“Sure,” I said, trying to anticipate the real reason. Did he want to do a song that involved
“I’m going to tell you something that’s for your ears only, yeah?” Mick asked.
“Of course.” We celebrities have a code of silence, after all. It really was him. This was beyond surreal.
“Brilliant,” Mick said. “So I’ll just say it.” He took a big breath. “I had a heart attack on the night of the anthrax attack. I was at my flat in Buckhead.”
“Oh, wow.” I was amazed that he’d managed to keep something like that secret. “Very sorry to hear it,” I added.
“I was dead for five, six minutes before a doctor who lives down the hall resuscitated me. Just luck I had a doctor for a neighbor.”
“Jeez.”
“Yeah, well, I lived too well in my younger years. My middle-aged years as well. Right into my late middle- years, actually.”
I chuckled. Mick Mercury’s struggles with alcohol and pills were well known to anyone who glanced at the tabloid headlines while waiting in line at the grocery store.
“
I yelped in surprise. There was no mistaking that zombie baritone.
“‘Scuse me,” Mick said, as if he’d just burped. He cleared his throat. “Maybe you can guess why I’m calling? Can’t help saying things I didn’t say. If you know what I mean.”
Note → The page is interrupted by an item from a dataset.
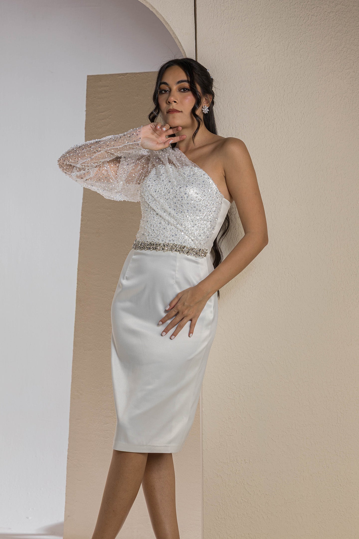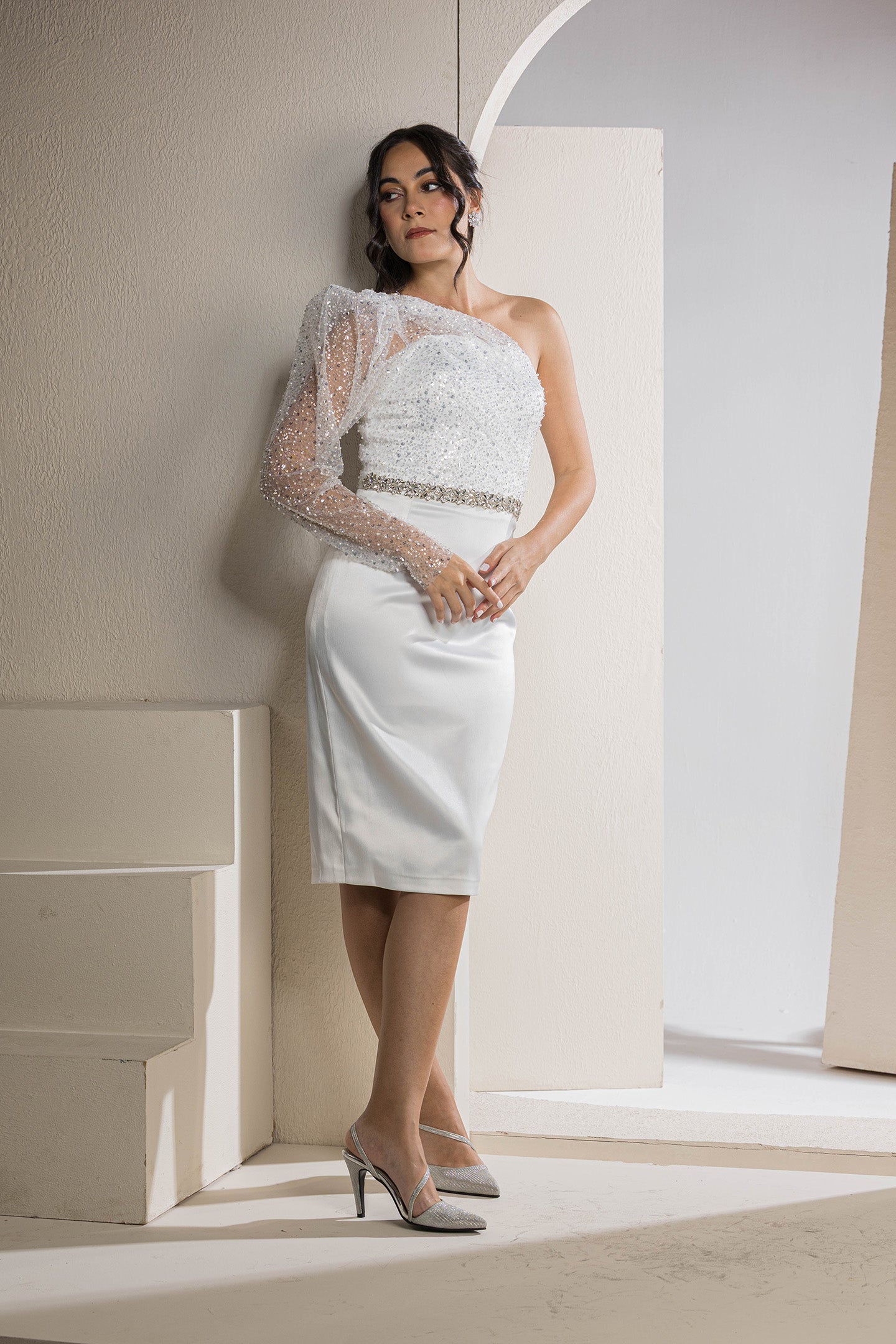 Dazzle with sophisticated elegance in this stunning one-shoulder midi dress. The asymmetric design features a beautifully embellished bodice adorned with sparkling beads and sequins, extending into a magnificent sheer sleeve that shimmers with every movement. The single shoulder creates a striking, modern silhouette. A delicate, crystal-encrusted belt cinches the waist, highlighting your figure, while the sleek, form-fitting skirt drapes gracefully to a chic midi length. Crafted from a luxurious white fabric, this dress combines intricate detailing with a contemporary cut, making it perfect for your engagement day.

My hand was shaking so badly I could barely grip the phone. It wasn’t only me. My mind raced with the implications. It had to be a side effect of exposure to anthrax. The hell with the doctor’s opinion, and the shrink’s. They were wrong.
“How did you know to call me?” I asked, trying not to sound paranoid.
“Funny thing: we’ve got the same neurologist. He didn’t tell me, though—it was one of the birds that works in the office.”
I could picture one of the cute young receptionists telling the rock star about me, basking in his gratitude, leaning into the pat on the shoulder he gave her.
“Is yours the same?” Mick asked. “I mean, does your voice sound like mine?”
“Yes,” I said. “I nearly dropped the phone when I heard it.”
When Mercury finally spoke, he sounded close to tears. “Don’t take this the wrong way, but I’m so fucking relieved to hear that.”
“No, believe me, I understand.” It occurred to me that I should invite him over, to share what we knew. Why not? I opened my mouth feeling like I had when I first asked Lorena on a date. “Maybe we should get together, exchange notes? It might help us figure out what’s going on.”
“Yeah, brilliant. That’s just what I was thinking. You free right now?”
“Sure,” I said, flushing with pleasure.
Mick laughed. “Hell, what else would you be doing, yeah? You can’t go to a bloody movie without scaring the popcorn out of the rest of the audience. You know anywhere we could get good pancakes and a scotch?”
CHAPTER 11
My palms were sweating. I wiped them on my napkin, adjusted my mask so the rubber band wasn’t rubbing against my ear.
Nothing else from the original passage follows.